Read this excellent article, Understanding the Bias-Variance Tradeoff, and be prepared to discuss it in class on Monday.
Note: You can ignore sections 4.2 and 4.3.
Here are some questions to think about while you read:
- In the Party Registration example, what are the features? What is the response? Is this a regression or classification problem?
- Conceptually, how is KNN being applied to this problem to make a prediction?
- How do the four visualizations in section 3 relate to one another? Change the value of K using the slider, and make sure you understand what changed in the visualizations (and why it changed).
- In figures 4 and 5, what do the lighter colors versus the darker colors mean?

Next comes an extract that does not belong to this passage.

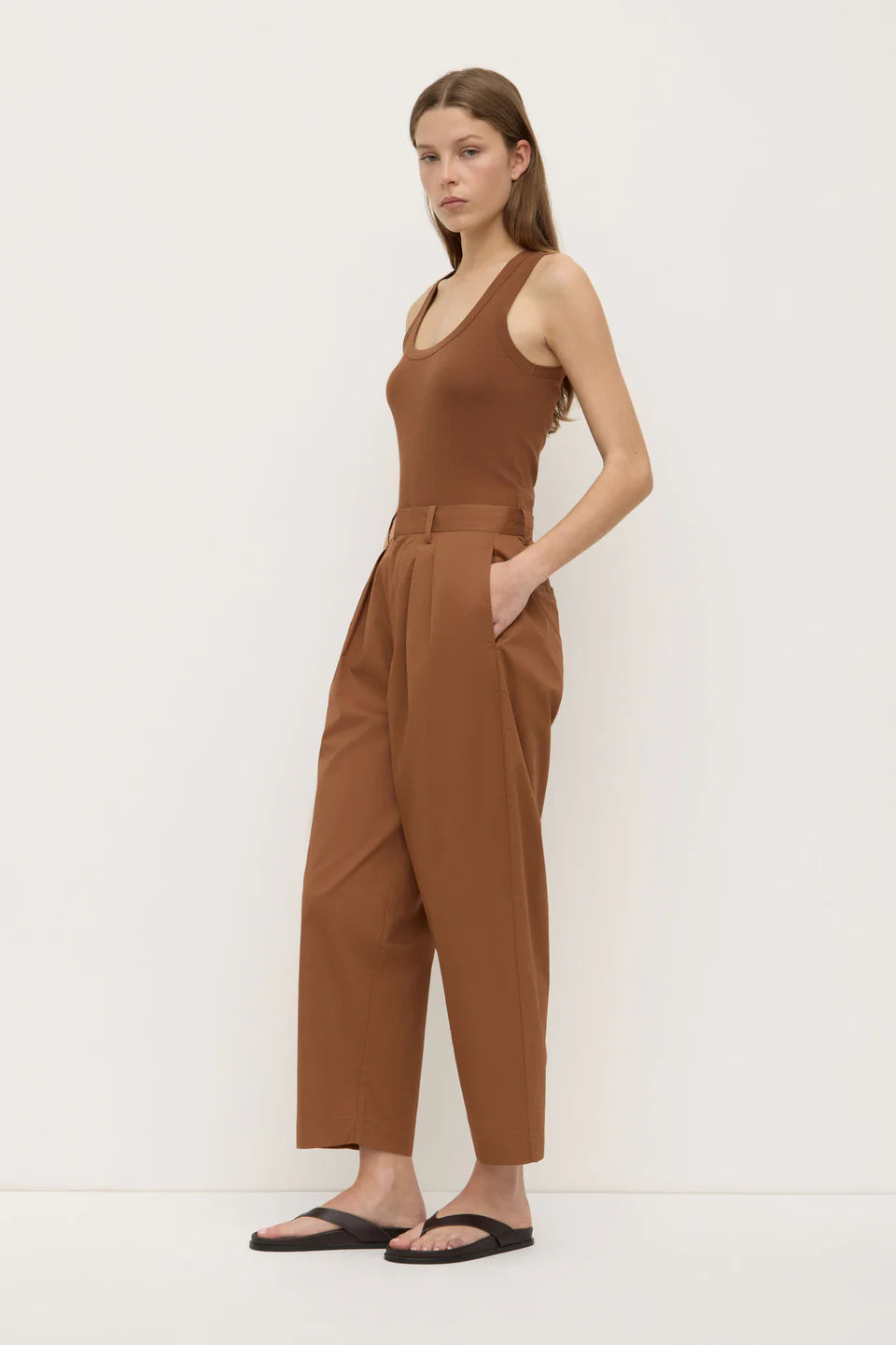 Crafted from 100% cotton, this pleat-front pant offers a cropped 3/4 length fit through the leg and a relaxed yet tailored silhouette. Features side pockets, back pockets and an internal drawcord for adjustability.

How is the darkness calculated?
- What does the black line in figure 5 represent? What predictions would the best possible machine learning model make, with respect to this line?
- Choose a very small value of K, and click the button "Generate New Training Data" a number of times. Do you "see" low variance or high variance, and low bias or high bias?
- Repeat this with a very large value of K. Do you "see" low variance or high variance, and low bias or high bias?
- Try using other values of K. What value of K do you think is "best"? How do you define "best"?
- Does a small value for K cause "overfitting" or "underfitting"?
- Why should we care about variance at all? Shouldn't we just minimize bias and ignore variance?